How Crowdstrike Caused Global Microsoft Outages

Introduction

In recent times, Microsoft experienced significant outages that disrupted services globally, with a pronounced impact in the Philippines. From banks to airports like Cebu Pacific, the ripple effect of these outages was felt far and wide. This blog post delves into the root cause of these disruptions, examining the role of Crowdstrike, the intricacies of memory management in C++, and how a seemingly small error can lead to major system failures.

The Culprit: A NULL Pointer in C++

Memory management is a critical aspect of software development, especially in languages like C++ that offer direct control over memory allocation and deallocation. In this case, the issue stemmed from a NULL pointer - a pointer that does not point to any valid memory location. Let’s break down what this means and why it’s significant.
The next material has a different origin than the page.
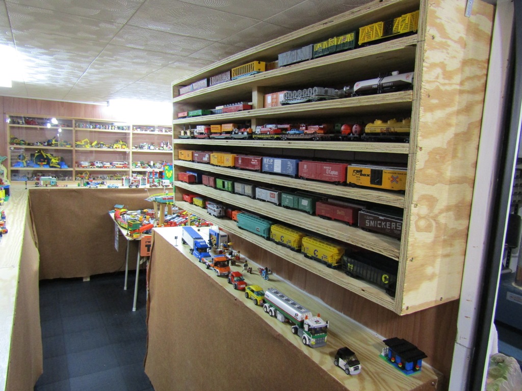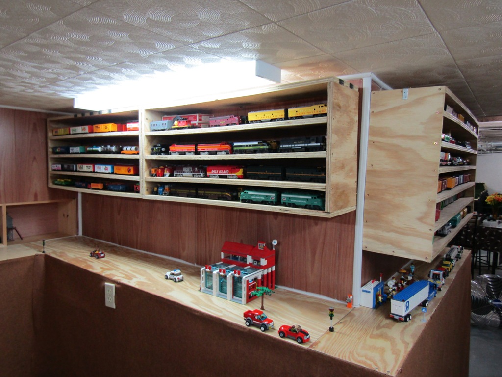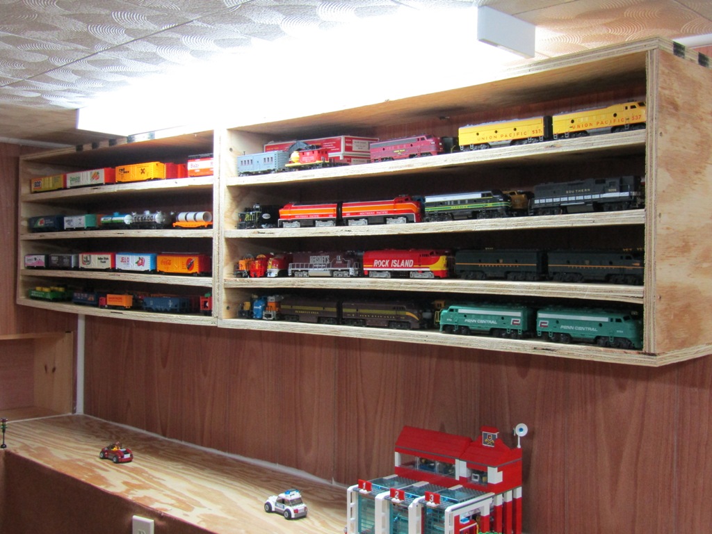 A few weeks ago, my Dad and I worked on assembling 3 shelf sections out of 3/4 inch plywood. While not perfect, these shelves are level, and have proved succesfull in storing all of my train cars and locomotives - allowing me to once again gain access to the tables within my basement room, and rebuild Lego City.

Crowdstrike Analysts Photo by Zach Perpetualmaniac’s Status

What is a NULL Pointer?

In C++, a pointer is a variable that holds the memory address of another variable. A NULL pointer, however, is a special type of pointer that indicates it is not pointing to any valid memory location. It’s like having an address that says “nowhere.” This can be useful for checking whether a pointer is valid before attempting to access the memory it points to.

Why is NULL Dangerous?

When a program tries to read or write to a memory location that a NULL pointer indicates, it leads to undefined behavior. In Windows, this often results in a crash and the dreaded Blue Screen of Death (BSOD). This is because the system tries to access an invalid memory region, leading to an immediate termination of the program to prevent further damage.

The Specific Issue: Address 0x9c

In the case of the Microsoft outages, the problematic memory address was 0x9c (or 156 in decimal). This address is part of an invalid region of memory for any program. When the system attempted to read from this address, it resulted in a crash.

Understanding the Programmer’s Error

To understand why this happened, let’s consider how pointers and memory addresses work in C++. Here’s a simplified example:

struct Obj {
  int a;
  int b;
};

Obj* obj = new Obj(); // obj now points to a valid memory location

If obj were to be set to NULL:

Obj* obj = NULL; // obj now points to "nowhere"

Attempting to access obj->a when obj is NULL would try to read from an invalid memory location, leading to a crash.

The Stack Dump

A stack dump is a snapshot of the memory and the state of the program at the time of a crash. In this case, the stack dump showed that the program tried to read memory address 0x9c. This happened because the programmer forgot to check if the pointer was NULL before accessing its members. The result was an invalid memory access, causing the system to crash.

The Role of System Drivers

System drivers operate with privileged access to the computer’s hardware and core functions. When a system driver crashes due to an error like the one described, it often forces the entire operating system to crash. This is why most BSODs are caused by issues in system drivers.

Preventive Measures

To prevent such issues in the future, Microsoft and Crowdstrike can implement several measures:

Better Rollback Policies: Microsoft should improve its policies to quickly rollback defective drivers to minimize the impact on users.
Code Sanitization Tools: Crowdstrike should utilize modern tools that automatically check for NULL pointers and other common errors during development, ensuring such issues are caught early.

Conclusion

The recent Microsoft outages underscore the importance of robust error checking and memory management practices in software development. By understanding the root causes and implementing preventive measures, we can work towards more stable and reliable systems. This incident serves as a reminder of the delicate balance in software engineering, where even small errors can have widespread consequences.